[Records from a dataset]
[Start of Attachment]

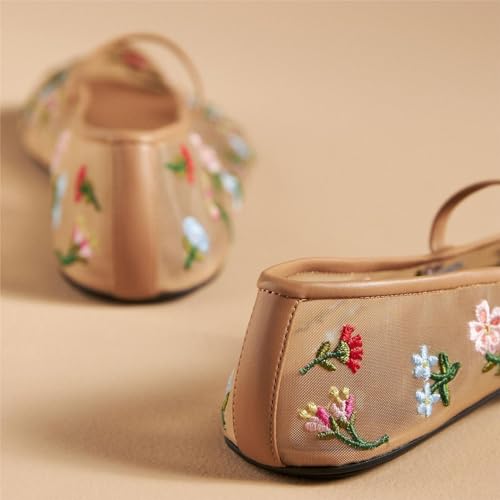 Women's Mesh Ballet Flats Embroidered Floral Mary Jane Flats Casual Comfortable Round Toe Ballerina Shoes 5
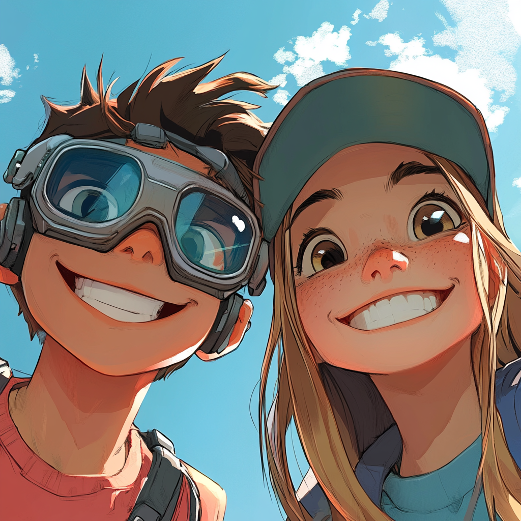 Prompt: Create a happy, animated boy with robotic glasses and a girl with a cap smiling, comic style
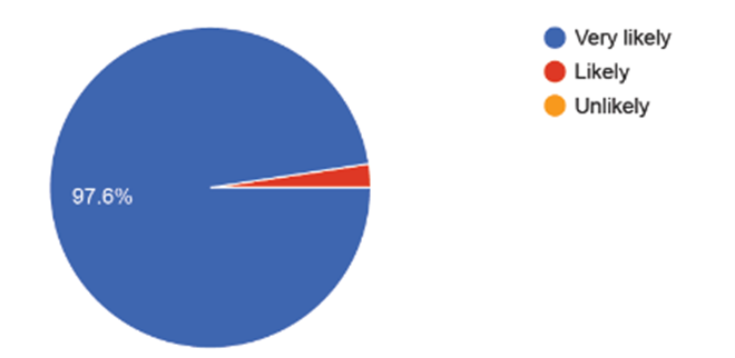 Figure 9. Exit questionnaire feedback. Left) How would you rate your overall experience at the Summer School? Right) How likely are you to recommend this Summer School to a friend or colleague?
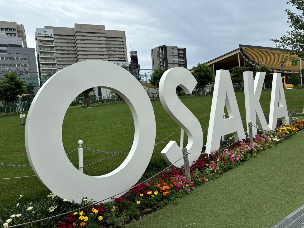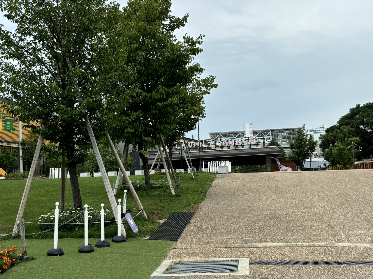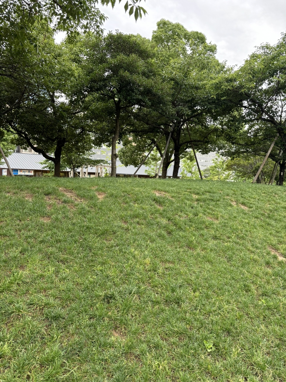 天王寺公園のエントランスのあたりには、レストランや、子供の遊び場などの建物があります。広い芝生が拡がり、とても開放的なエリアです。
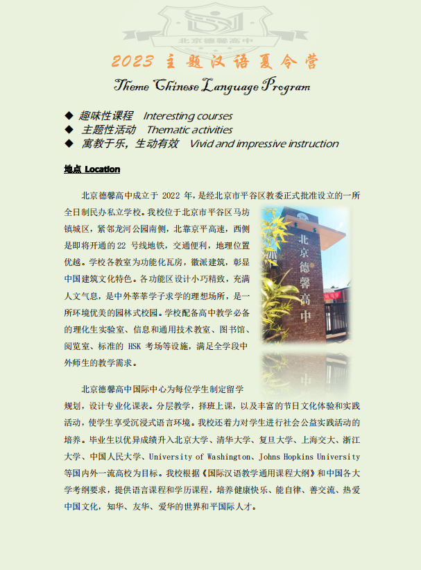 北京德馨高中夏令营
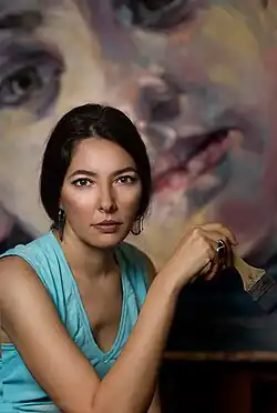 In 2021 Gershman was named an Ambassador to art materials company Royal Talens North America and art supply business BLICK Art Materials.[14] Gershman's "First Face of War: Intimate Portrait of Ukrainian Teacher" sold for $100,000 at the Heritage Auctions with 100% of proceeds from the sale benefiting Ukraine during the 2022 humanitarian crisis.[15] Gershman's painting depicts Ukrainian school teacher Olena Kurilo, who was wounded by shelling in Chuhuiv during the Russian invasion of Ukraine. The painting was modeled from a photograph of a wounded Kurilo which was taken by photojournalist Wolfgang Schwan, and inspired the creation of a movement by Zhenya, called Brushes Over Bullets.[16] In her project 'Brushes over Bullets', Gershman encourages other artists to paint in solidarity with Ukraine.[17] Gershman has said that she intentionally made her "First Face of War" small in size, so that observers are forced to take a closer and more intimate look into the eyes and faces of her subjects.[18]
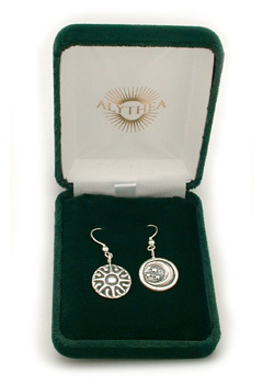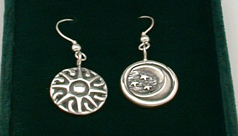 A set of earrings, using the Moon for the left ear, to represent the more feminine side of humanity, and the Sun in the right ear, for the masculine side. With either hook style earrings. Post style available by request, no extra charge.
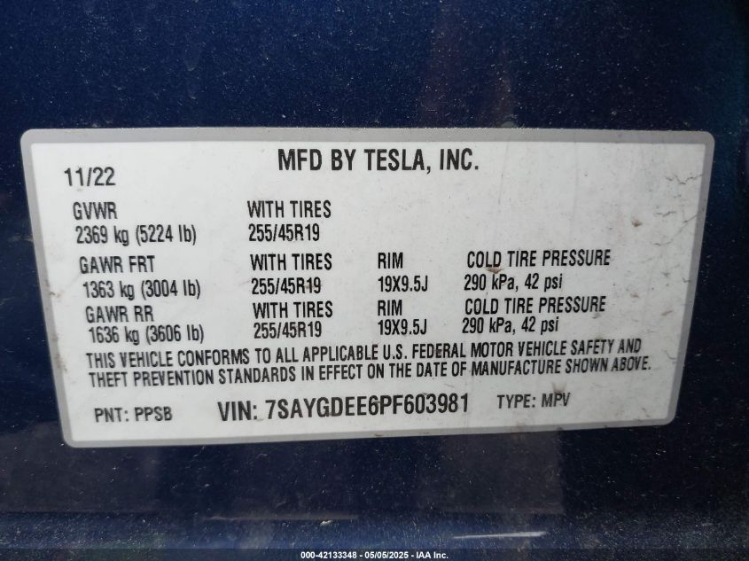 2023 TESLA MODEL Y | 7SAYGDEE6PF603981
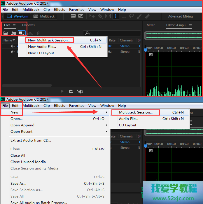 正在文献窗口点击新修按钮,抉择新修众轨道音频项目(New MultitrackSession),或者正在文献(File)菜单下抉择新修(New)→(New MultitrackSession)新修众轨道音频项目;也可能操纵敏捷键Ctrl+N来新修一个众轨道音频项目;
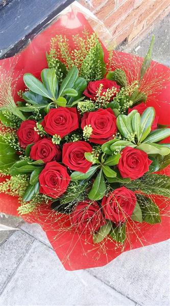 Enchant someone special this Valentine’s Day with Love Potion, a luxurious bouquet of 12 premium red Rhodos roses, hand-crafted by The Dengie Florist, your local online studio florist serving the **Dengie Peninsula**. Each rose is carefully selected for its deep red color and long-lasting beauty, making this bouquet the perfect symbol of romance and devotion.
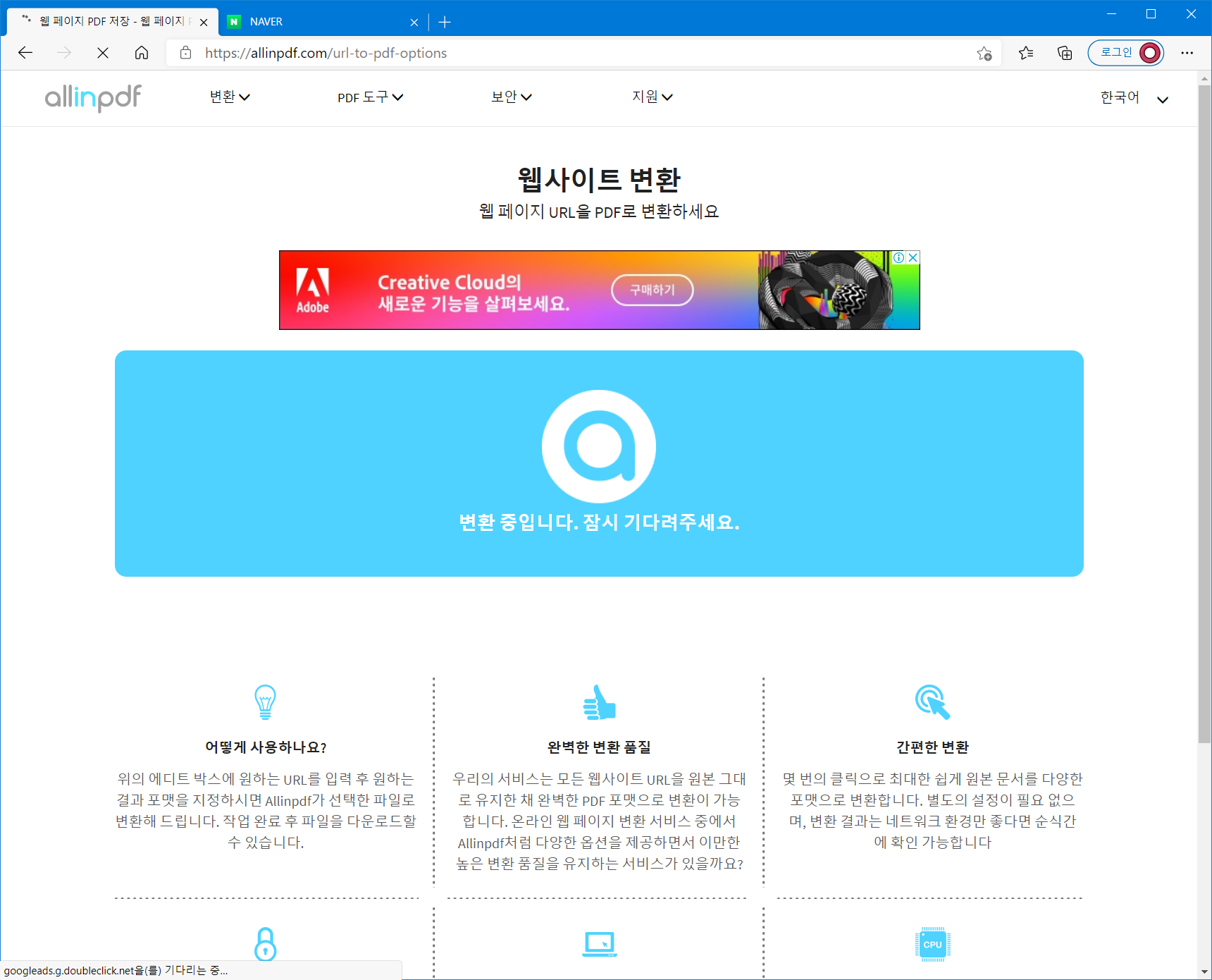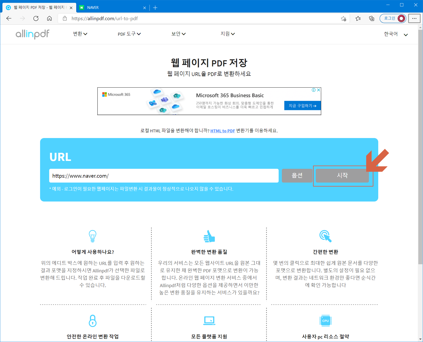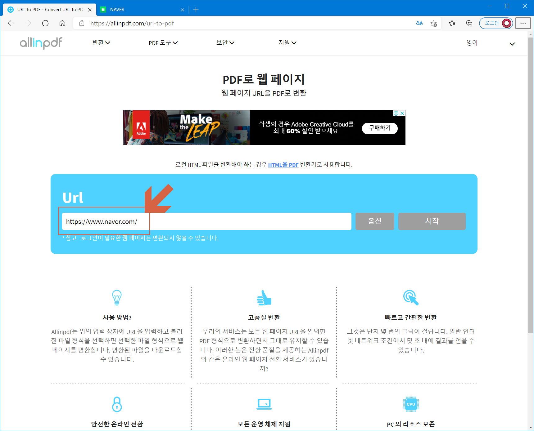 웹 페이지 URL을 PDF로 변환하는 페이지로 접속합니다.
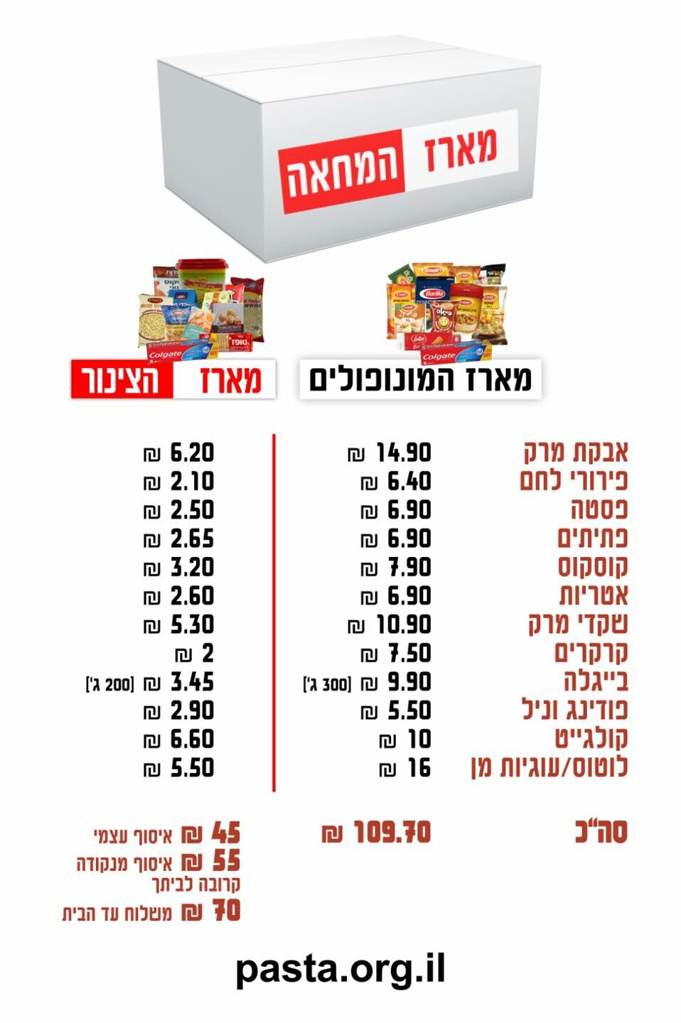 מדובר על מארז המכיל פסטה, פתיתים, קוסקוס, פירורי לחם, אטריות סבתא, משחת שיניים, שקדי מרק, אבקת מרק, פודינג וניל, קרקרים, בייגלה ועוגיות שעלותו 45 ש"ח לעומת 109 ש"ח של מוצרי החברות הגדולות.
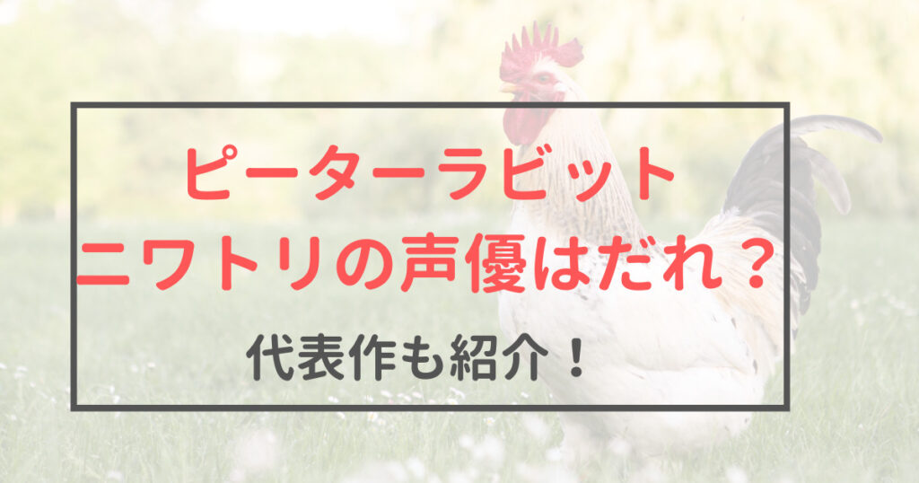 映画『ピーターラビット』でニワトリの吹き替え声優はだれが担当しているかを紹介します。 「この声聞き覚えがある!」という方は、代表作も伝えするのでご覧くださいね♪ 『北斗の拳』のあの声で有名な声優さんです( *´艸`) ちなみに、ニワトリの声優は、... -
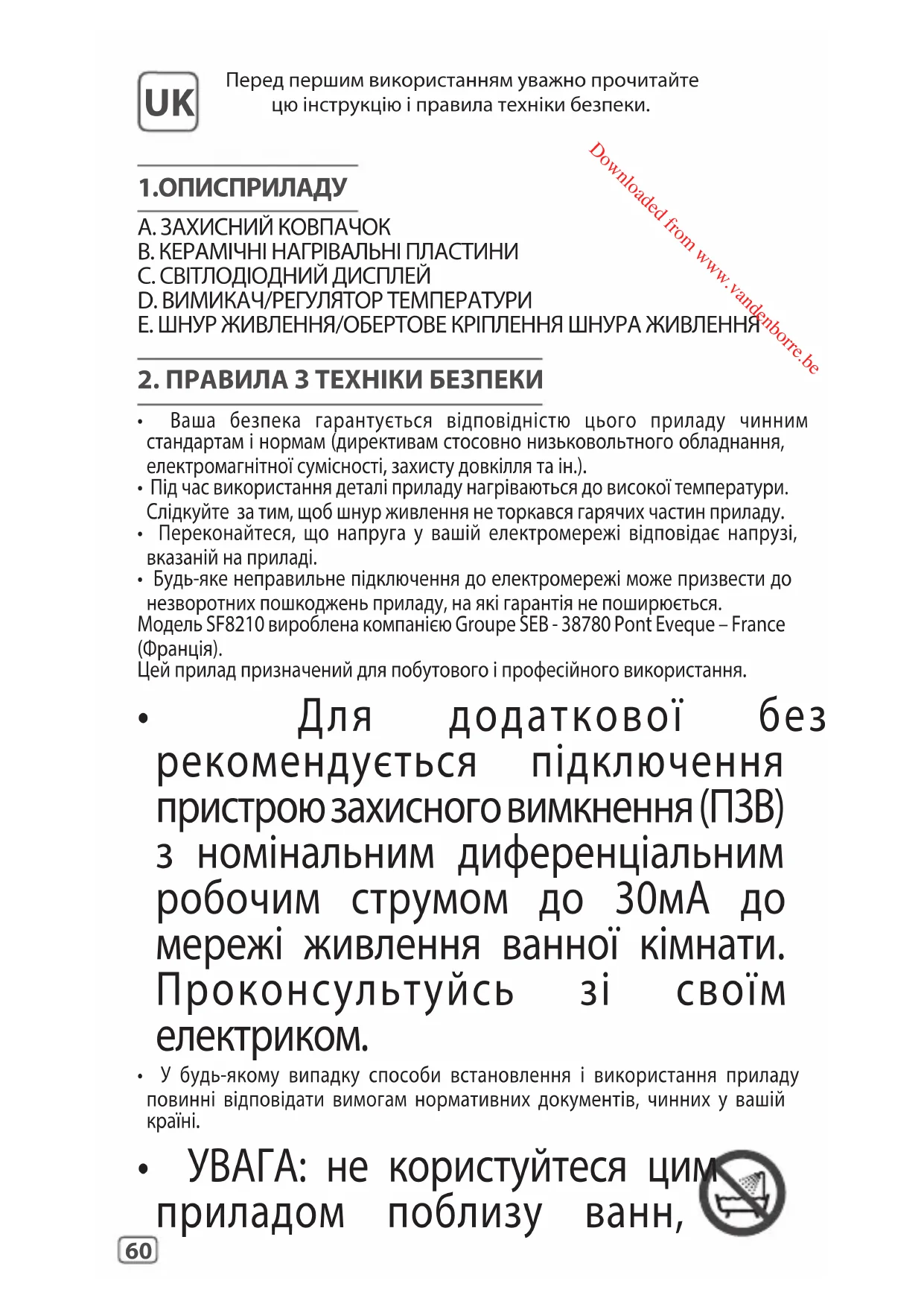 - Ваша безпека гарантується відповідністю цього приладу чинним стандартам і нормам (директивам стосовно низьковольтного обладнання, електромагнітної сумісності, захисту довкілля та ін.).• Під час використання деталі приладу нагріваються до високої температури. Слідкуйте за тим, щоб шнур живлення не торкався гарячих частин приладу.• Переконайтеся, що напруга у вашій електромережі відповідає напрузі, вказаній на приладі. • Будь-яке неправильне підключення до електромережі може призвести до незворотних пошкоджень приладу, на які гарантія не поширюється.Модель SF8210 вироблена компанією Groupe SEB - 38780 Pont Eveque – France (Франція).Цей прилад призначений для побутового і професійного використання.
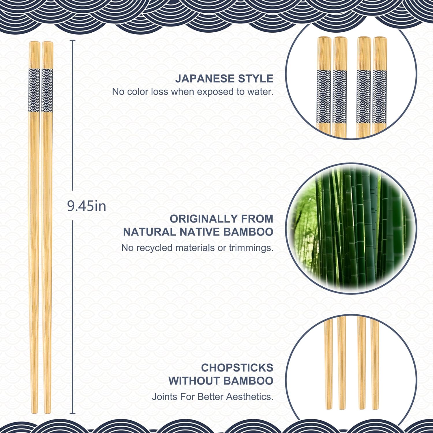 - 【CHOPSTICKS FOR BEGINNERS】Bamboo chopsticks are 9.45 inches,suitable for all hand sizes, easy chopsticks for adults, finely polished, food won't slip off.
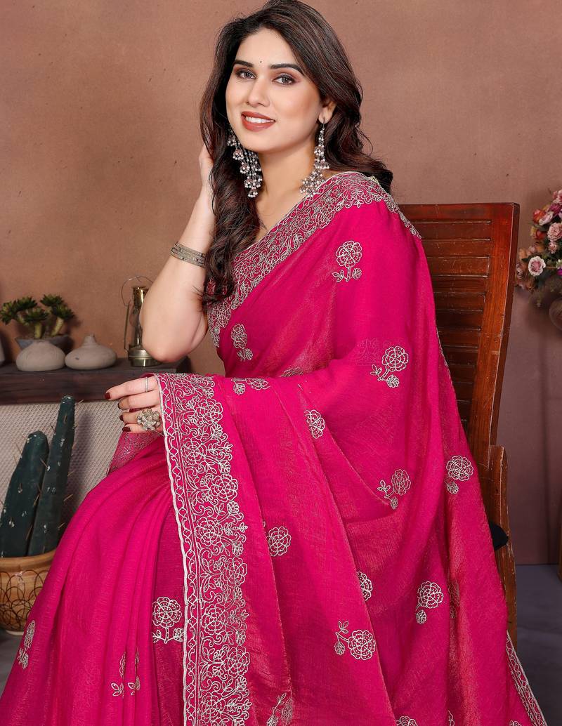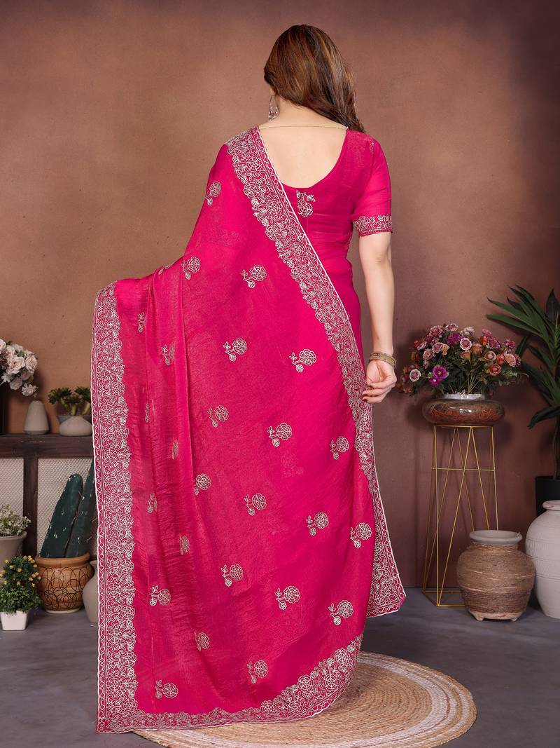 Pink color fendy chiffon fabric stylish bollywood style saree
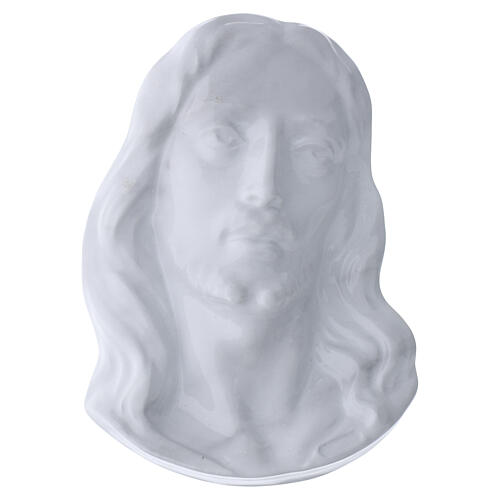 Placa aplicable de aleación metálica con desarrollo vertical, que representa el rostro de Cristo mediante modelado en bajorrelieve; superficie con efecto mármol Carrara y perfilada para su colocación sobre pared o soporte lapidario.

[End of Attachment]

YOUR OBJECTIVE »
Your copy should hold the lines from the one with "Figure 9. Exit" up to and including the one with "In 2021 Gershman", exactly as in the data above, and no pictures.

TASK ANSWER »
 Figure 9. Exit questionnaire feedback. Left) How would you rate your overall experience at the Summer School? Right) How likely are you to recommend this Summer School to a friend or colleague?
 天王寺公園のエントランスのあたりには、レストランや、子供の遊び場などの建物があります。広い芝生が拡がり、とても開放的なエリアです。
 北京德馨高中夏令营
 In 2021 Gershman was named an Ambassador to art materials company Royal Talens North America and art supply business BLICK Art Materials.[14] Gershman's "First Face of War: Intimate Portrait of Ukrainian Teacher" sold for $100,000 at the Heritage Auctions with 100% of proceeds from the sale benefiting Ukraine during the 2022 humanitarian crisis.[15] Gershman's painting depicts Ukrainian school teacher Olena Kurilo, who was wounded by shelling in Chuhuiv during the Russian invasion of Ukraine. The painting was modeled from a photograph of a wounded Kurilo which was taken by photojournalist Wolfgang Schwan, and inspired the creation of a movement by Zhenya, called Brushes Over Bullets.[16] In her project 'Brushes over Bullets', Gershman encourages other artists to paint in solidarity with Ukraine.[17] Gershman has said that she intentionally made her "First Face of War" small in size, so that observers are forced to take a closer and more intimate look into the eyes and faces of her subjects.[18]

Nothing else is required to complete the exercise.